Several companies have downplayed the discrepancies between SAIC and SEC filings. In September, China Green Agriculture (CGA) argued that individuals who are knowledgeable about China do not rely on SAIC filings as a basis for determining a company's financial position.

"Oftentimes, Chinese companies access SAIC filings to learn more about their competitors to gain a commercial advantage," China Green said in the statement. "As a result, many companies have understated their financial results in such filings."

I will even go a step further and say that investing in companies that downplay the significance of SAIC filings or have failed to include auditor comments attesting to the independent viewing of SAT documents (mainly when SAIC filings don't match) will expose your portfolio to meaningful risks.

It seems things can't get any worse for investors who desire to go long in the Chinese RTO space.

Well, it just did.
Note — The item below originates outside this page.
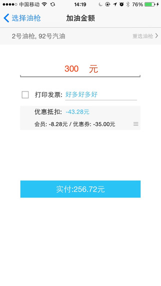 使用易加油,您不用帶錢包,也不用帶各種卡,只需帶著您心愛的手機;在油站,您不需要下車,您不需要排隊付款,只需要簡單掃描二維碼,用微信支付8s極速交費,發(fā)票也可以自動打印哦!
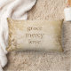 Vintage arrojar una mirada de almohada con proverbio cristiano —gracia, misericordia, amor. El fondo está desvanecido en el color oro antiguo.

By now, anyone who follows China should be aware of VIE and FIE corporate structures. Simply put, an FIE structure is dictated by a direct ownership of a Chinese operating company by an offshore entity (for example, U.S. British Virgin Islands or Hong Kong), while a VIE structure is enforced by management/consulting contracts between Chinese operating subsidiaries and a Chinese intermediary directly owned by an off shore entity.

VIE arrangements were crafted by ambitious lawyers to enable Chinese companies to go public in the U.S., circumventing Chinese laws that prohibit foreign ownership in domestic companies operating in certain industries. Keep in mind that the Chinese government hasn't clearly commented on the legality of VIE arrangements.